WORK REQUEST - Reproduce, exactly and in full, the lines from the one with "全世界で累計1,300万人以" through the one with "3. 【DEA.by ROBE" in the data below; drop pictures.

(Collection entries)
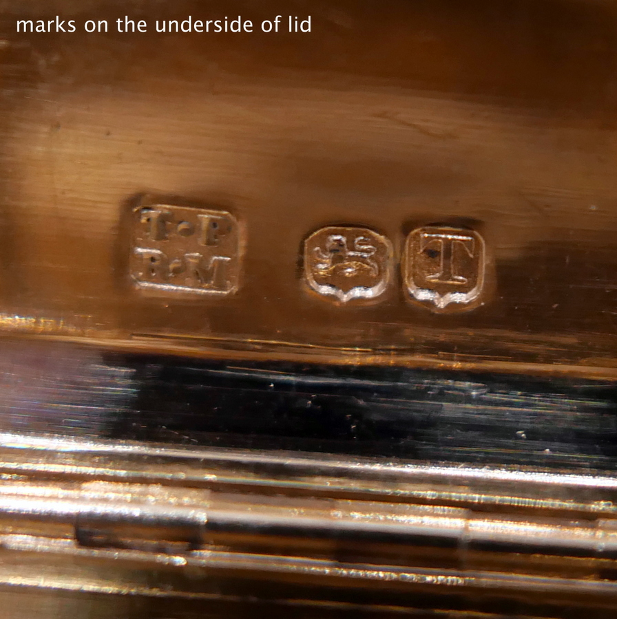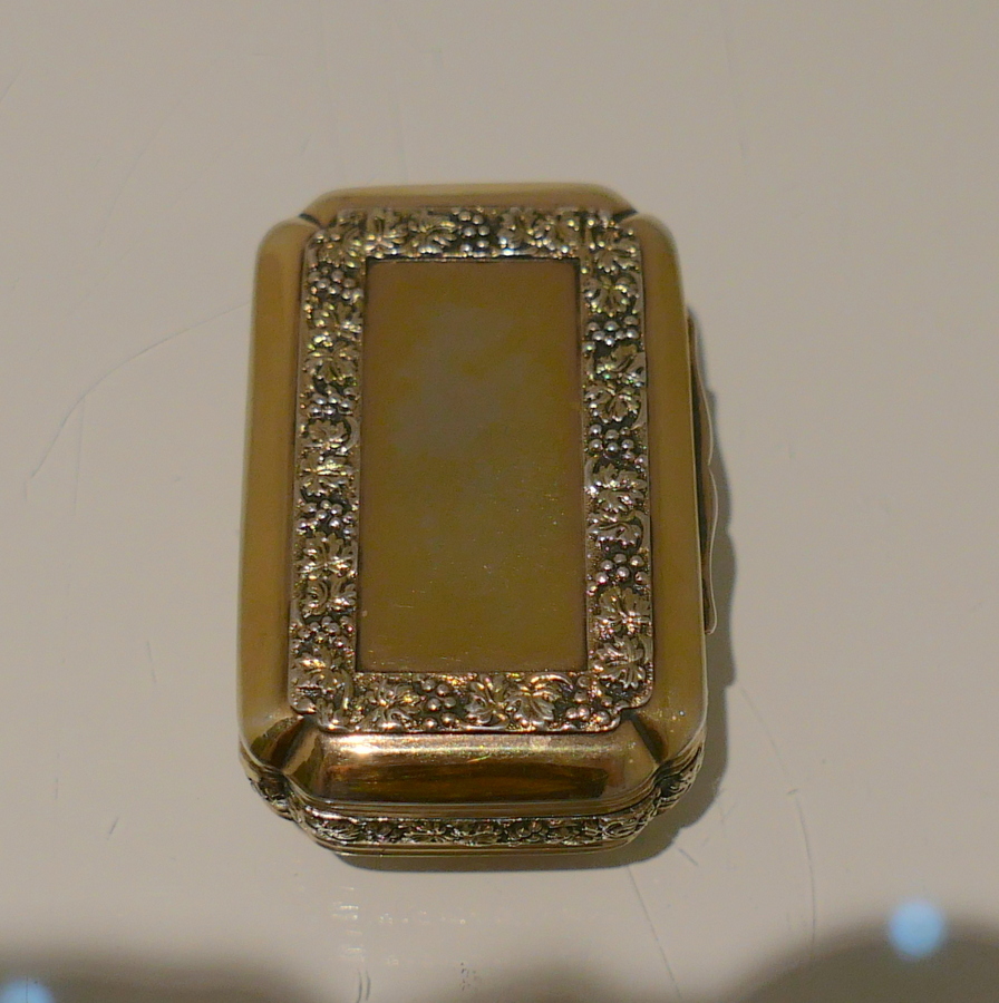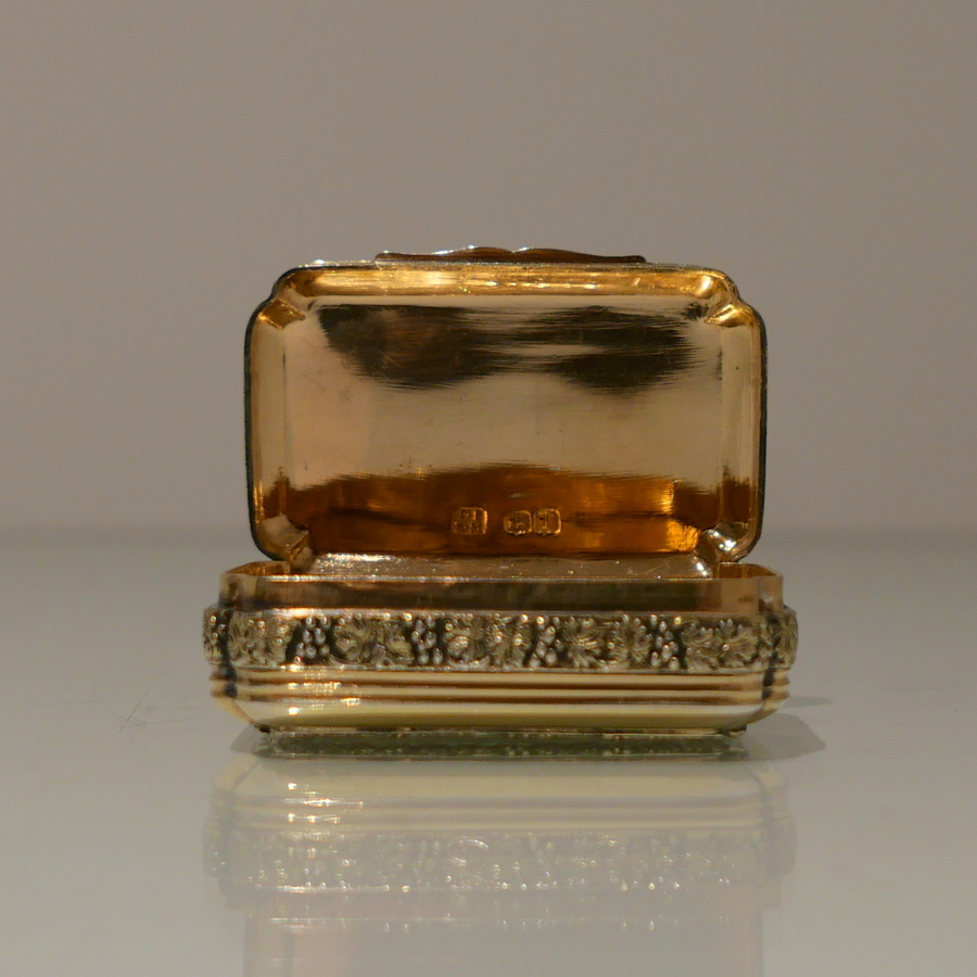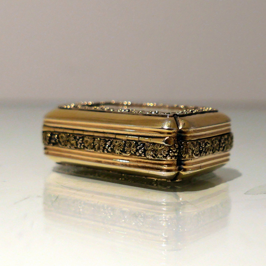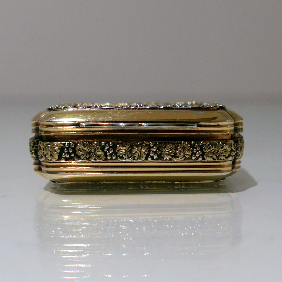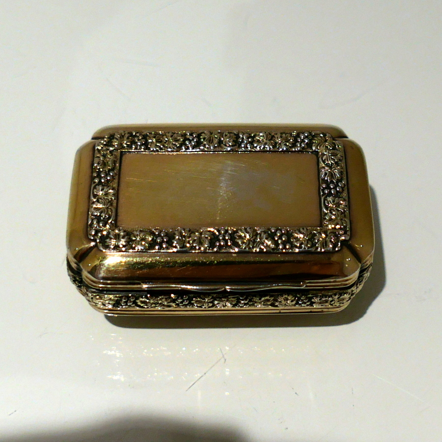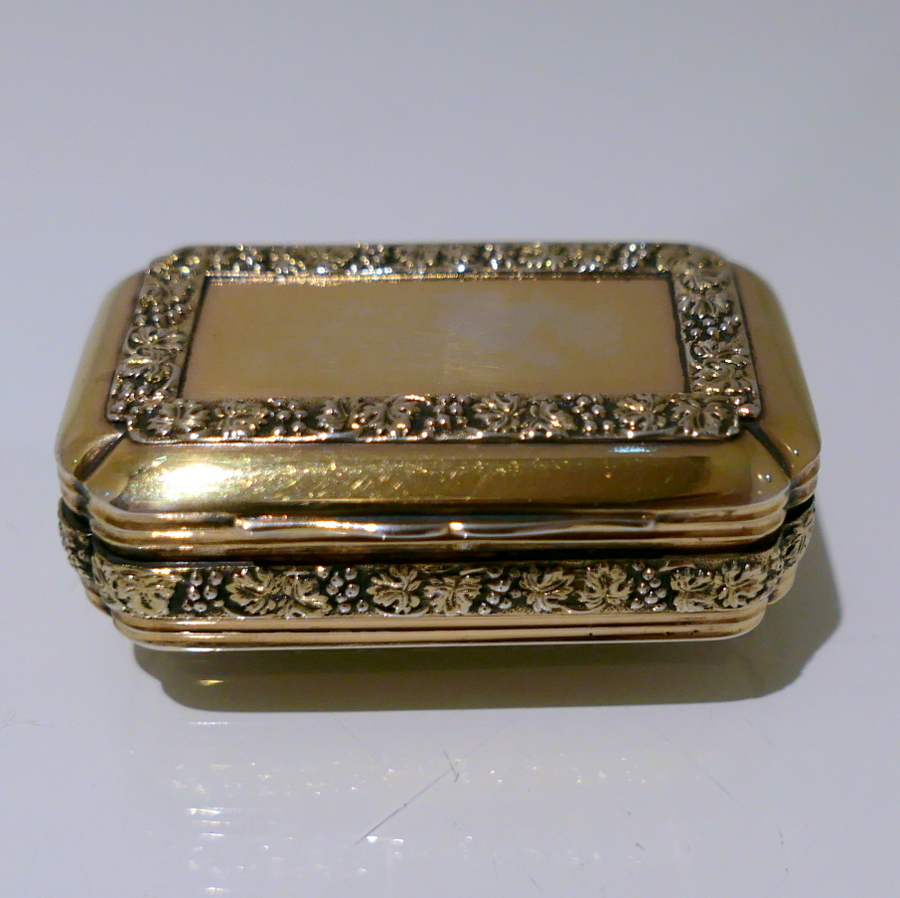 A sweet early 19th century Georgian silver gilt shaped cornered rectangular snuff box design with a hinged lid and decorative grape and vine applied borders.
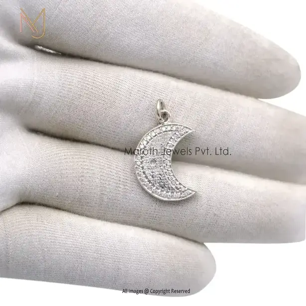 925 Silver White Gold Plated Pave Diamond Crescent Moon Pendant Custom Jewelry
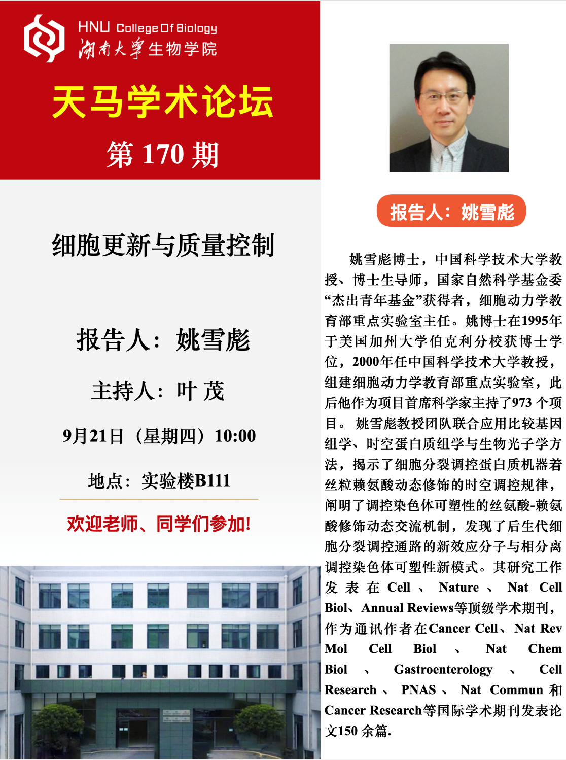 天马学术论坛 第170期-中国科学技术大学 姚雪彪教授
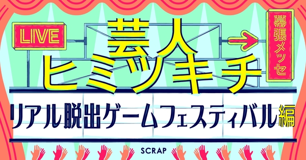 全世界で累計1,300万人以上を動員しているリアル脱出ゲームを企画制作する株式会社SCRAP(本社:東京都渋谷区、代表:加藤隆生)は、幕張メッセ 展示ホール4~7にて8月23日(金)~25日(日)の3日間限定で開催される『リアル脱出ゲームフェスティバル』内のステージコンテンツ『芸人ヒミツキチ〜リアル脱出ゲームフェスティバル編〜』に、人気お笑い芸人「春とヒコーキ」「まんじゅう大帝国」「徳原旅行」「Gパンパンダ」「こたけ正義感」「ファイヤーサンダー」「サツマカワRPG」「どんぐりたけし」「ひつじねいり」「寺田寛明」の出演が決定したことを発表いたします。
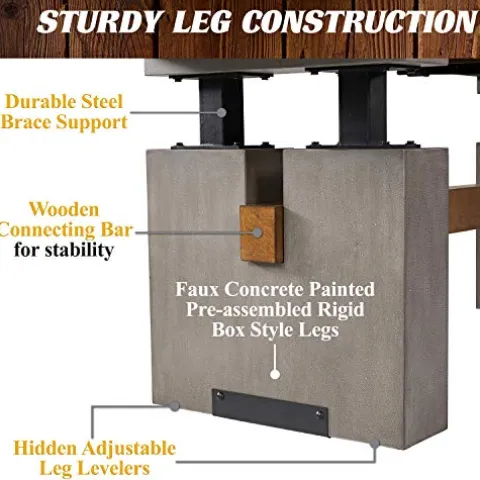 - CRAFTSMANSHIP: The table legs are made of MDF and steel supports with faux concrete finish and Urban Collection design, the crossbar is made of MDF with painted wood veneer and the table apron is made of plywood with painted wood veneer and joined corners
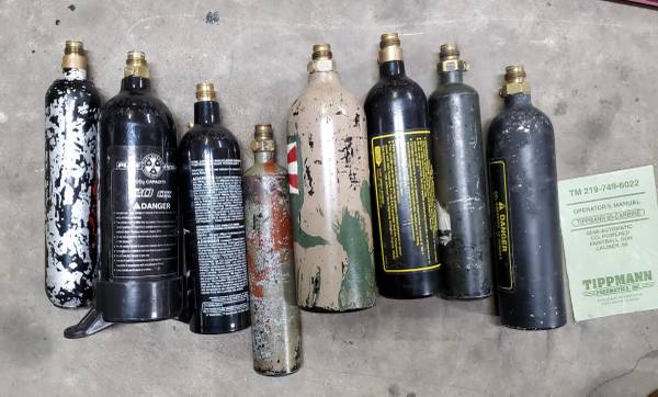 Included is everything pictured, a Tippman 98 and a Tippman 68, both of which functioned well last time they were out. The third blue paint marker is a project that a buddy gave me. I haven't messed with it, but it isn't operational. Some of the CO2 tanks still have gas and there is a almost full box of paintballs.
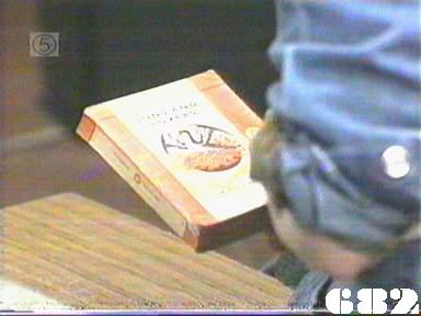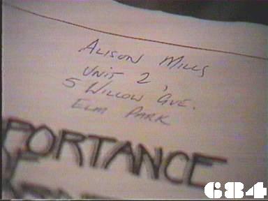 Thanks to Anthony for pointing out the enigmatic message written in felt tip on the cardboard box on the storeroom shelf behind Billy's head
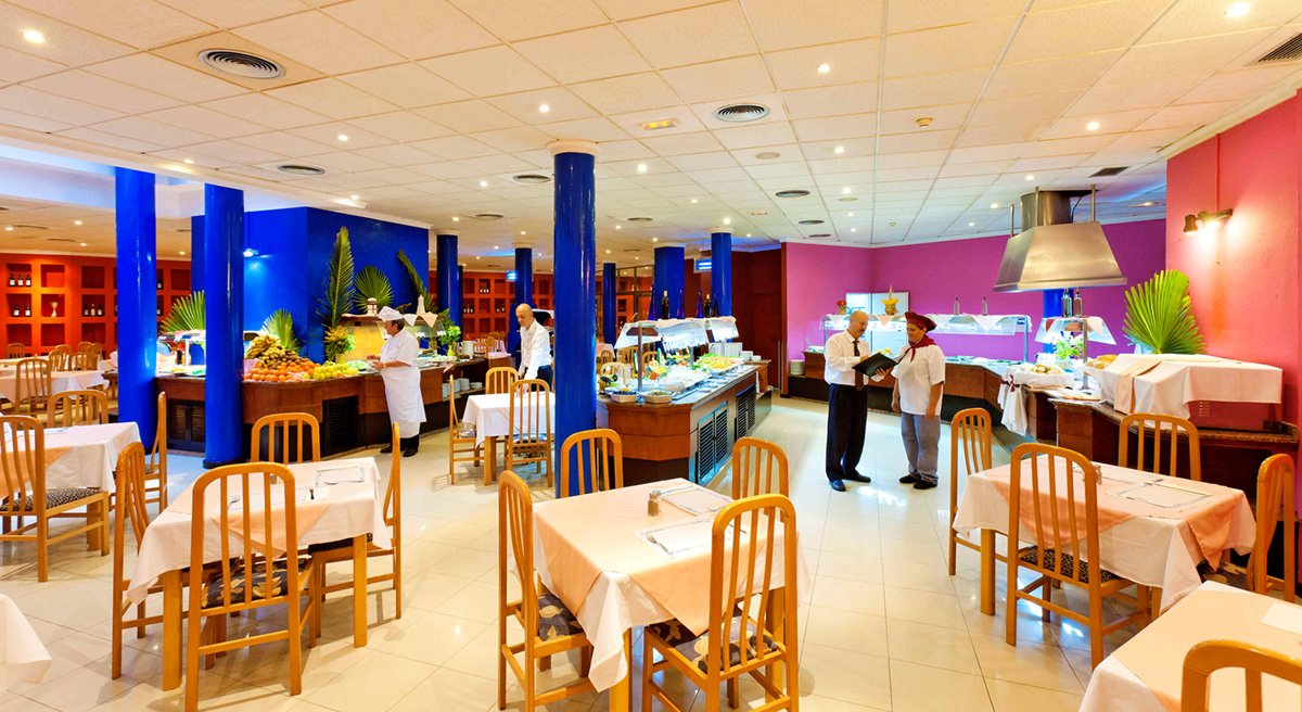 śniadanie (8.00-10.00), obiad (13.00-15.00), kolacja (19.00-21.30) w formie bufetu w restauracji głównej; przekąski w barze przy basenie (13.00-18.00); napoje bezalkoholowe i lokalne napoje alkoholowe w wyznaczonych barach (10.00-23.00); wymagane noszenie opasek all inclusive.
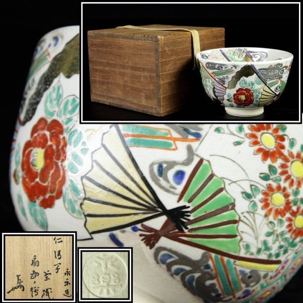 - 【爨】永楽善五郎造 仁清写 扇面の絵茶碗 即中斎書付 茶道具 唐物骨董 [F547A]Ug/20./(100)
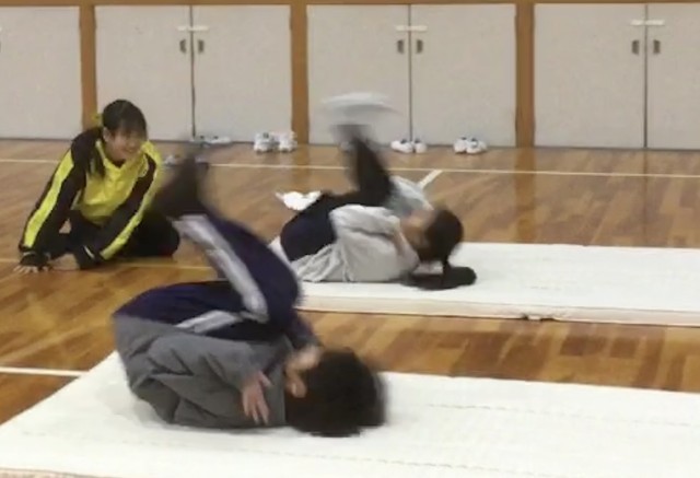今日は、後転や開脚後転、開脚前転などに挑戦しました。手のつき方や足の開き方などに気をつけて、何度も練習をしていました。
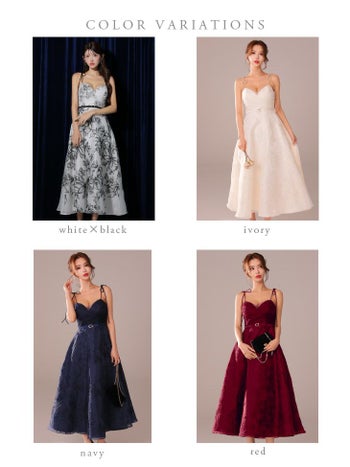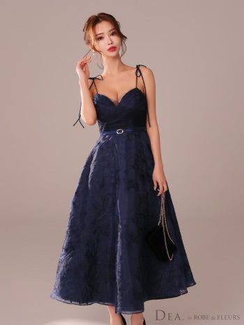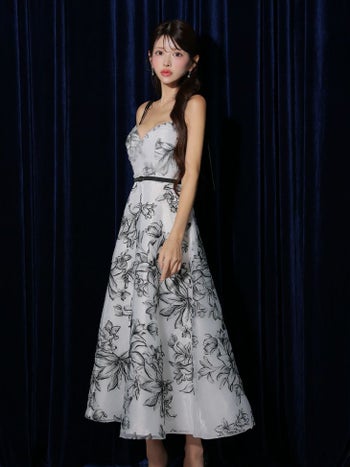 3. 【DEA.by ROBE de FLEURS/ディア】花柄刺繍 オーガンジー ベルトデザイン エレガント オープンバスト キャミソール Aラインロングドレス (DE3766)
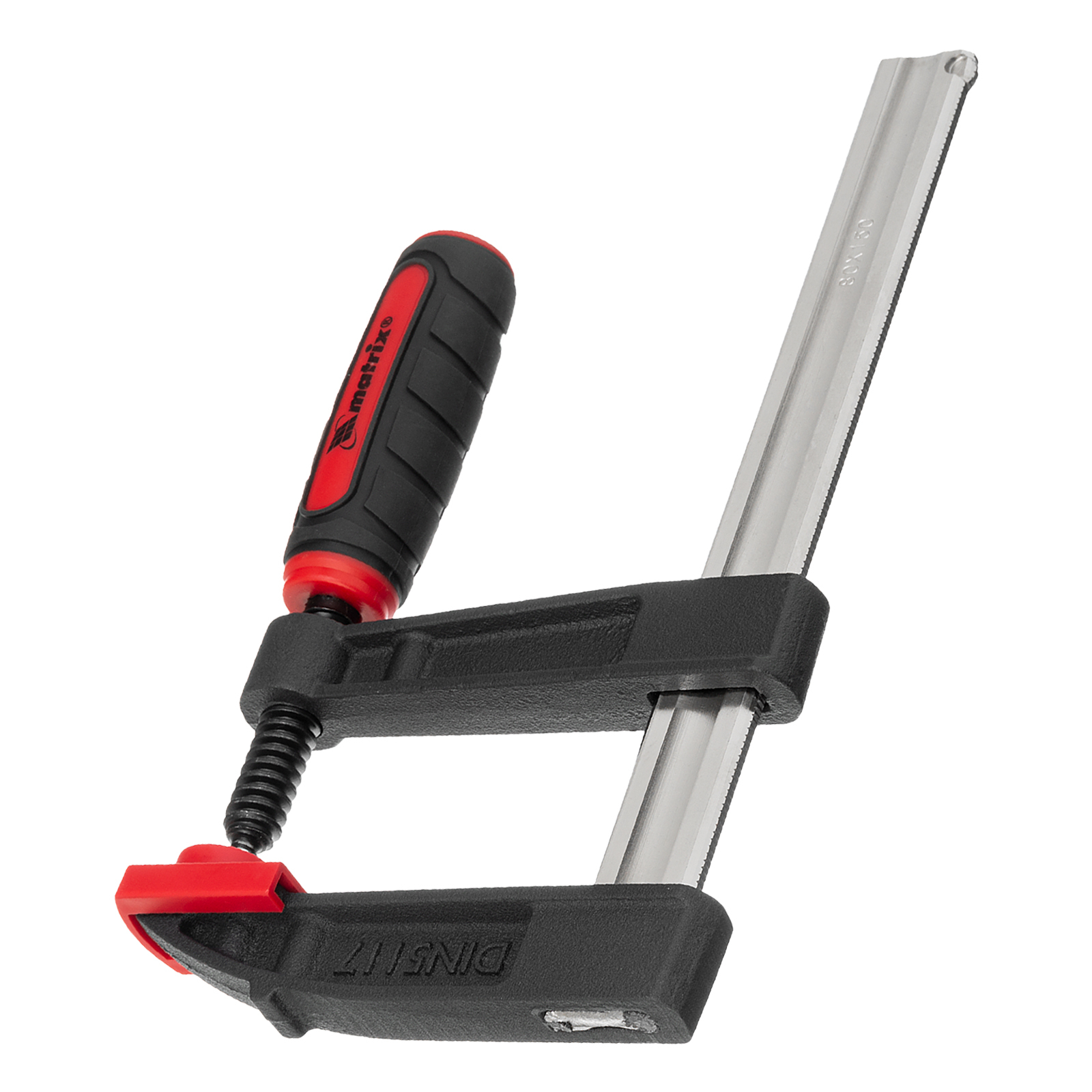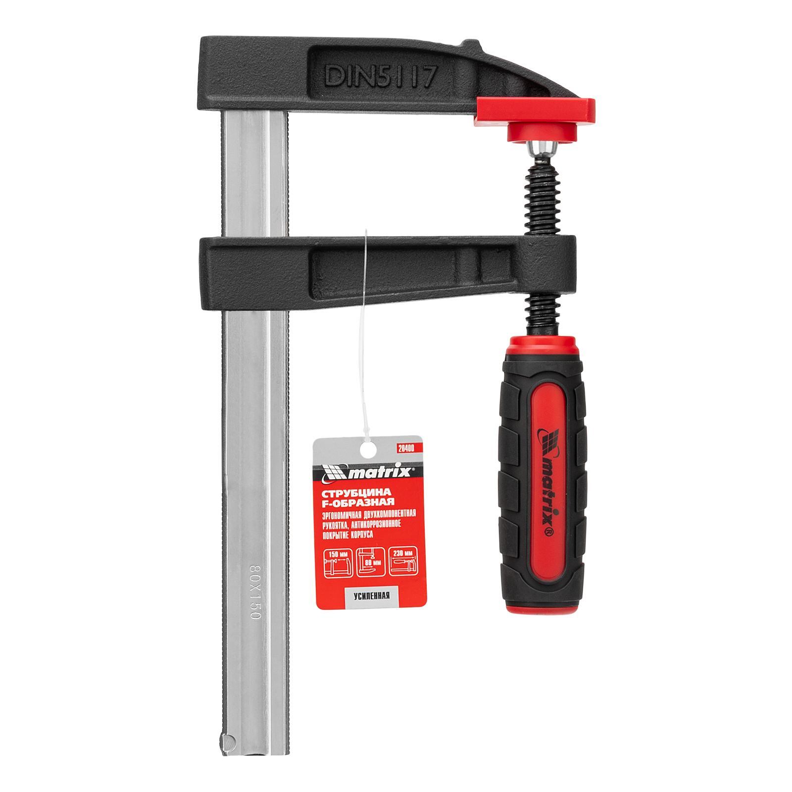 Усиленная F-образная струбцина Matrix 20400 размером 150 х 80 х 230 мм используется для зажима металлических, деревянных и других заготовок для их последующей обработки или сборки. Представляет собой штангу, на которой установлены 2 кронштейна — неподвижный и подвижный. Деталь помещается между ними и прижимается к губкам при помощи винтового зажима с трапециевидной резьбой. Величина захвата регулируется при помощи подвижного кронштейна и может достигать 150 мм. Струбцину используют для проведения слесарных и столярных работ. Металлическая конструкция выдерживает высокую температуру, поэтому инструмент пригодится для выполнения сварочных работ (перед началом необходимо снять пластиковые накладки с губок).

TASK ANSWER -
 全世界で累計1,300万人以上を動員しているリアル脱出ゲームを企画制作する株式会社SCRAP(本社:東京都渋谷区、代表:加藤隆生)は、幕張メッセ 展示ホール4~7にて8月23日(金)~25日(日)の3日間限定で開催される『リアル脱出ゲームフェスティバル』内のステージコンテンツ『芸人ヒミツキチ〜リアル脱出ゲームフェスティバル編〜』に、人気お笑い芸人「春とヒコーキ」「まんじゅう大帝国」「徳原旅行」「Gパンパンダ」「こたけ正義感」「ファイヤーサンダー」「サツマカワRPG」「どんぐりたけし」「ひつじねいり」「寺田寛明」の出演が決定したことを発表いたします。
 - CRAFTSMANSHIP: The table legs are made of MDF and steel supports with faux concrete finish and Urban Collection design, the crossbar is made of MDF with painted wood veneer and the table apron is made of plywood with painted wood veneer and joined corners
 Included is everything pictured, a Tippman 98 and a Tippman 68, both of which functioned well last time they were out. The third blue paint marker is a project that a buddy gave me. I haven't messed with it, but it isn't operational. Some of the CO2 tanks still have gas and there is a almost full box of paintballs.
 Thanks to Anthony for pointing out the enigmatic message written in felt tip on the cardboard box on the storeroom shelf behind Billy's head
 śniadanie (8.00-10.00), obiad (13.00-15.00), kolacja (19.00-21.30) w formie bufetu w restauracji głównej; przekąski w barze przy basenie (13.00-18.00); napoje bezalkoholowe i lokalne napoje alkoholowe w wyznaczonych barach (10.00-23.00); wymagane noszenie opasek all inclusive.
 - 【爨】永楽善五郎造 仁清写 扇面の絵茶碗 即中斎書付 茶道具 唐物骨董 [F547A]Ug/20./(100)
今日は、後転や開脚後転、開脚前転などに挑戦しました。手のつき方や足の開き方などに気をつけて、何度も練習をしていました。
 3. 【DEA.by ROBE de FLEURS/ディア】花柄刺繍 オーガンジー ベルトデザイン エレガント オープンバスト キャミソール Aラインロングドレス (DE3766)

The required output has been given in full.